Friday, January 30, 2015

#Second Chance

               
                 You will be my every chance - first, second and the millionth :)

As I see you from far-away, walking towards me, it feels as though the sun rose again at this time and splashed tons of brightness on my soul, when you smiled. 

Your name could show me shades of sunflowers and my eyes could shine every time you call me. 
Reflections of the lemon-tainted epilogues till late nights and dreams of watching sunrises together, still flows in me!

Every time, when I wait for you and see you walking towards me - my mind travels behind in time to think about those heart-ruins that ever happened to me! 

The wait, the wait to find a perfect match, the wait to find someone so special, the wait for the man whom I could shower all my love, which I kept bundled up in myself - for the man who could just share with me - his life and give me a share of his heart.

Those were the years when looking for a perfect match seemed a disaster and the times when she felt that God forgot to make someone for her.
Those years when each day seemed a struggle and each online matrimony request made you think - Is he the one ? 

Deep down, the heart knew - these are certainly not the people I am going to get married too. 

5 years of searching and 5 years of looking every nook and corner, she found him. 

It din't take long to know that this is the guy whom she will love so much! This is the guy who will patch the little slivers of her heart. The guy who build courage in her that love exists and that we can love with equal measures. That we can always love without reasons, and love will remain pure, divine and blissful.

They asked me what would I do if I had some second chances - and the little tinglings of my heart told me - I really wanted you to walk in my life a little early than you did. I wanted those goose-bumps to appear a little earlier than when they came, I wanted to hear those violins a little earlier than they rung. 

I really wanted to try looking up for you in my early years of "match-finding" so that I could have spent more dramatic,crazy moments more often with you! So that I could fall in love with you more often! So that I could unplug myself unto you!

My life could be a mixture of different colors with you - a palette of colorful colors, cause I don't like black and nor white and grey the least. 

My life would have strokes of rainbows and each would design itself as a memory.

I wish for a second chance to change the blank canvas of my life. I wish for strokes of love ready to be thrown on this very white canvas and build a master-piece with you!


I wish life could give me a second chance to : Dance with you on every tune!

I want to spend my past years dancing with you, holding your hand and making a nice swirl, bringing in a twist in the belly, turning on the fire within us and crashing into each other like those sea-waves! 
I wish to rip the currents of passion between us and then coast on your smile, stay still and hear those whispers. 

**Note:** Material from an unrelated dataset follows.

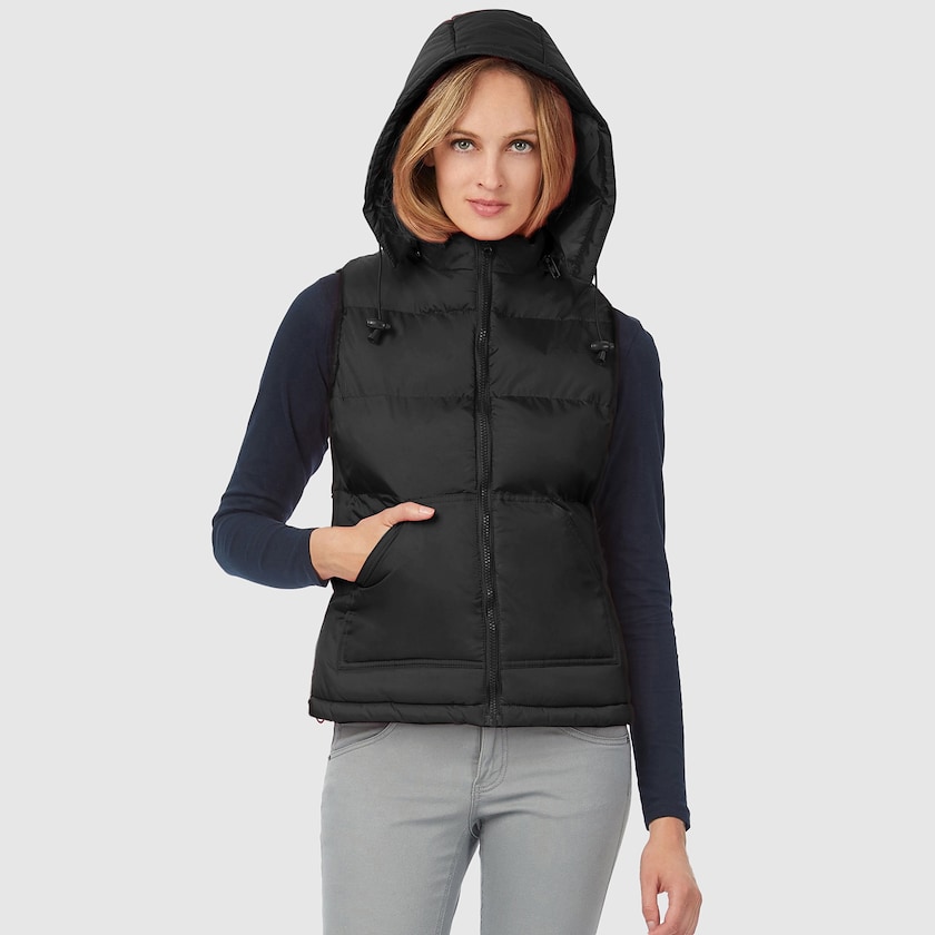 Feminin dunvest for damer fra B&C. Dunvesten har to frontlommer og har en avtakbar hette med glidelås. Dunvesten kan både trykkes og broderes på. yttermaterialet er laget av nylon og foret i polyester.

I wish life could give me a second chance to : take study classes together!
I want to walk with you towards university classes and sit next to you, listen to what the professor says - ignore and look at you, look at the way you would try concentrating on classes, I wish to give test exams with you and sit and study until midnight! 

I wish life could always give me a chance to write! Tune up my gray cells in such a way that I could pen down my language of heart in the form of words for you! Yes, I haven't been writing a lot but I do want to put out in black n white or in colors - those little thumps of my heart that wait to be out on print!
Every second chance that life gives - I want to spend it with you!  Unlike all, I do not have a bucket list of things I did want to do - but I have a list that has a common thing and it is "You" 

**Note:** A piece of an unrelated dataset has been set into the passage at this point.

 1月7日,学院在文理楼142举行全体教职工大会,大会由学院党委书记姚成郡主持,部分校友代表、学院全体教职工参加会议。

I want to travel, I want jump, I want to dance, I want to sing, I want to walk, I want to run, I may want to fly - but I want to do only if it's you.

I want to be with you every minute as life never has a #secondchance and if it does I want you and also cause you made me wait a little bit longer for love :)

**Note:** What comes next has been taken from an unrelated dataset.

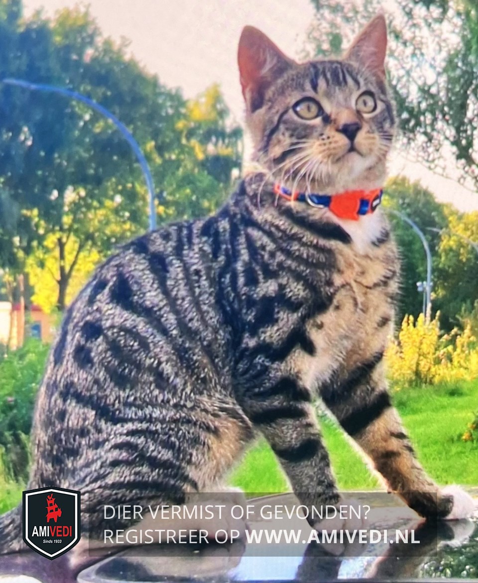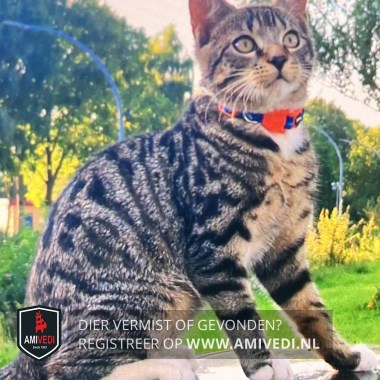 | Signalement | Cypers bruinzwart gestreept met wit. Voornamelijk cypers bruin, beige randjes rond de ogen, bruin op de neus, bruine snoet met daaromheen en beetje wit, roze neusje, kin wit, wit befje, beige op de borst, voorpoten witte tenen, beige bij de buik, achterpoten witte kousen, staart cypers geringd met een zwarte staartpunt. |

This post is a part of the #SecondChance activity at BlogAdda in association with MaxLife Insurance”.

Friday, January 23, 2015

Flawless!


13th Birthday. She was excited. 
She was going to be in her "teens". Use those slang words more often, start to say "kewwwwllll" and not to forget meet "Dudes". She could envisage a whole new teenage life of bliss, independence, fun and parties.

She had waited since long to reach her "teens" - that's what everyone used to say - "Wait till you are a teenager" and it was less than 24 hours when she would be reaching there. 

She could not concentrate on the class. She was excited what it would be tonight. 

Will her friends throw in some midnight party ? Would her mom allow it ? Come on, I am a teen now - I will be allowed some more freedom - mixed thoughts and mused ramblings.

In the midst of all those thoughts, she felt her cheeks twitch. She was too excited to notice and ignored it.

She looked at her crush. She thought - wow, he is cute. Will he come tonight ? 

The clock struck midnight. Her phone started ringing and she heard a knock on her bedroom door.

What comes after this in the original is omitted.